Top of INFORMATION SUPPLIED
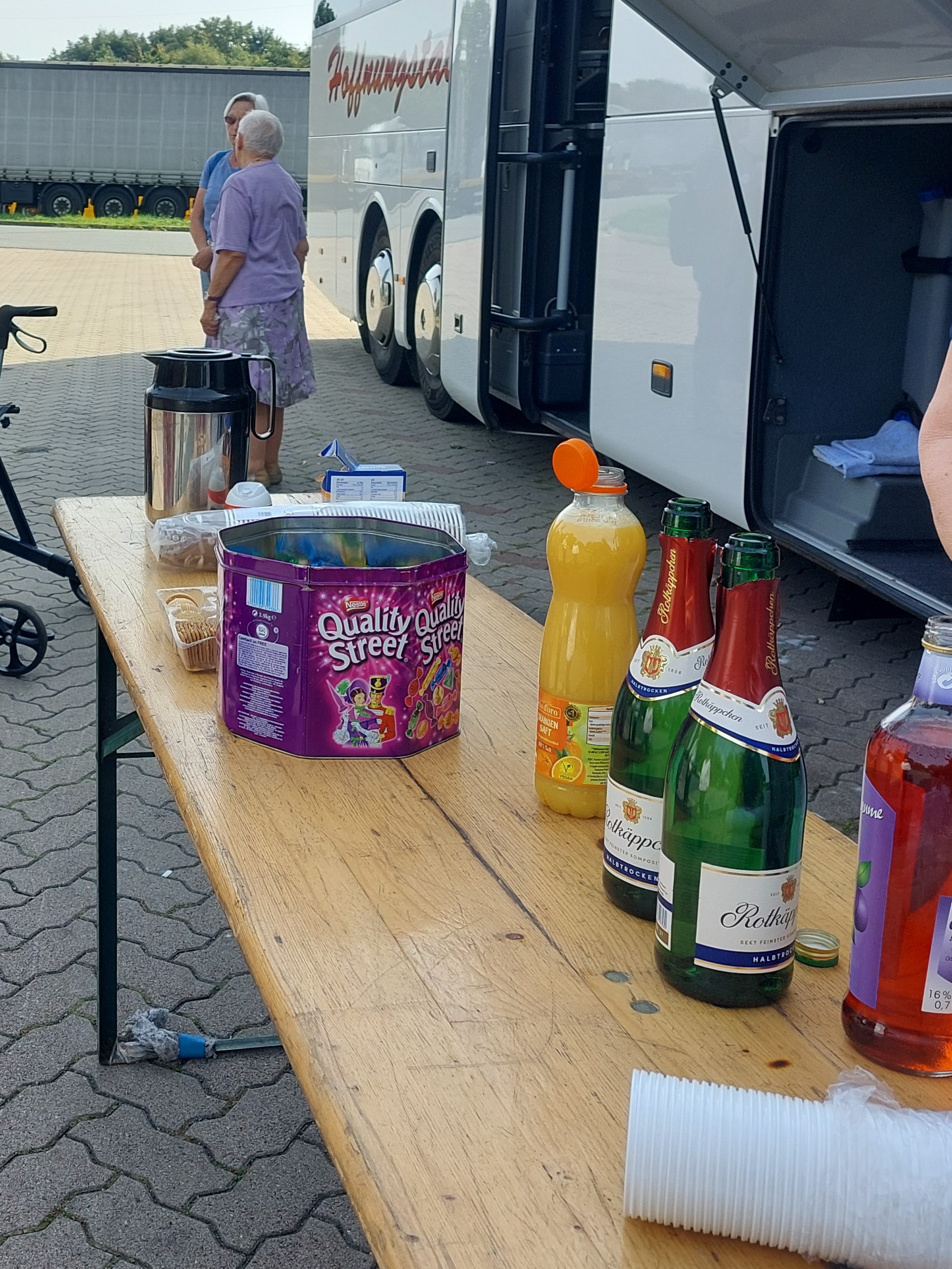 es ist warm, wir haben Durst und Pausen auf Rastplätzen gehören zu einer Busreise einfach dazu: unsere Reiseleiterin Inken hat da mal was vorbereitet.
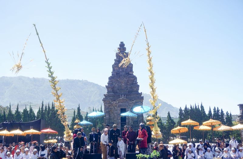 SEBANYAK 13 anak berambut gimbal atau gembel menjalani ruwatan massal dalam pergelaran Dieng Culture Festival (DCF) XIV Pahamn 2024 di Kompleks Candi Arjuna, Desa Dieng Kulon, Kabupaten Banjarnegara, Jawa Tengah, Sabtu (24/8).
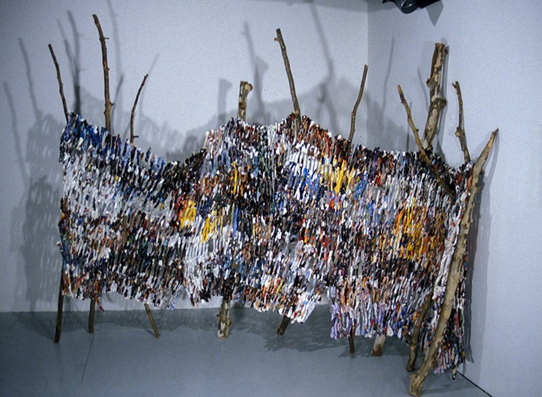 Fence II. Magazine pages and wood. 8'x13'x2'. 2004
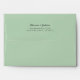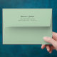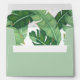 A modern wedding invitation envelope features illustrations of banana leaves.
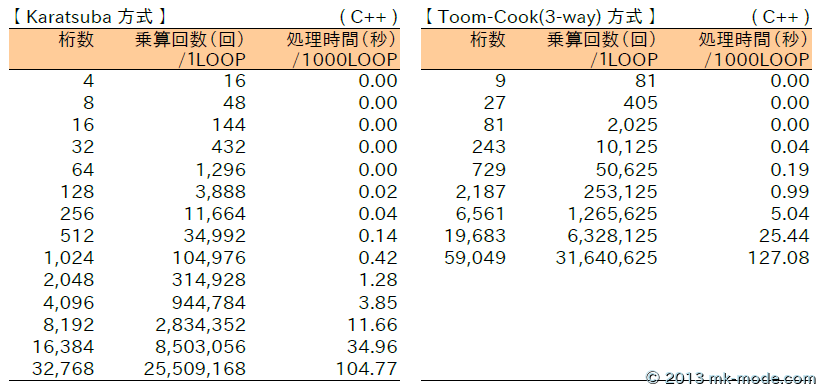 ちなみに、「Karatsuba 法」の計算量は \(O(n ^{1.585})\) で、「Toom-Cook 法(3-way)」の計算量は \(O(n ^{1.465})\) である。
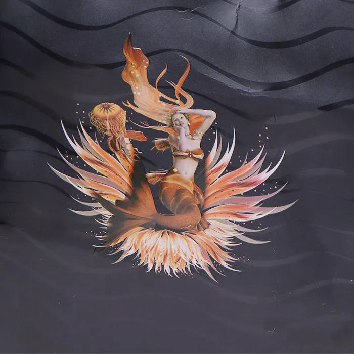 Sebelum ini, kilauan logam dan tekstur licin sering dikaitkan dengan pengecapan foil panas. Walau bagaimanapun, Beg Beli-belah Pakaian ini secara inovatif menggunakan proses pencetakan dan cetakan timbul, menggantikan pengecapan kerajang panas tradisional untuk mencipta pengalaman visual dan sentuhan baharu. Percetakan dan emboss membolehkan lebih banyak penggredan warna. Pelanggan boleh bebas memperibadikan warna cetakan, kemasan matte atau berkilat, kesan lutsinar atau kecerunan, tidak seperti pengecapan kerajang panas tradisional yang terhad kepada kerajang emas, perak, tembaga atau berwarna tertentu. Percetakan dan emboss membolehkan kombinasi pelbagai warna. Proses timbul juga memberikan teks, logo atau corak kesan tiga dimensi, meningkatkan interaktiviti pembungkusan.
Bottom of INFORMATION SUPPLIED
ASSIGNMENT>
Look above for the line containing "A modern wedding", then retype it and each line after it to the end of the records, exactly and without pictures.

EXERCISE OUTPUT>
 A modern wedding invitation envelope features illustrations of banana leaves.
 ちなみに、「Karatsuba 法」の計算量は \(O(n ^{1.585})\) で、「Toom-Cook 法(3-way)」の計算量は \(O(n ^{1.465})\) である。
 Sebelum ini, kilauan logam dan tekstur licin sering dikaitkan dengan pengecapan foil panas. Walau bagaimanapun, Beg Beli-belah Pakaian ini secara inovatif menggunakan proses pencetakan dan cetakan timbul, menggantikan pengecapan kerajang panas tradisional untuk mencipta pengalaman visual dan sentuhan baharu. Percetakan dan emboss membolehkan lebih banyak penggredan warna. Pelanggan boleh bebas memperibadikan warna cetakan, kemasan matte atau berkilat, kesan lutsinar atau kecerunan, tidak seperti pengecapan kerajang panas tradisional yang terhad kepada kerajang emas, perak, tembaga atau berwarna tertentu. Percetakan dan emboss membolehkan kombinasi pelbagai warna. Proses timbul juga memberikan teks, logo atau corak kesan tiga dimensi, meningkatkan interaktiviti pembungkusan.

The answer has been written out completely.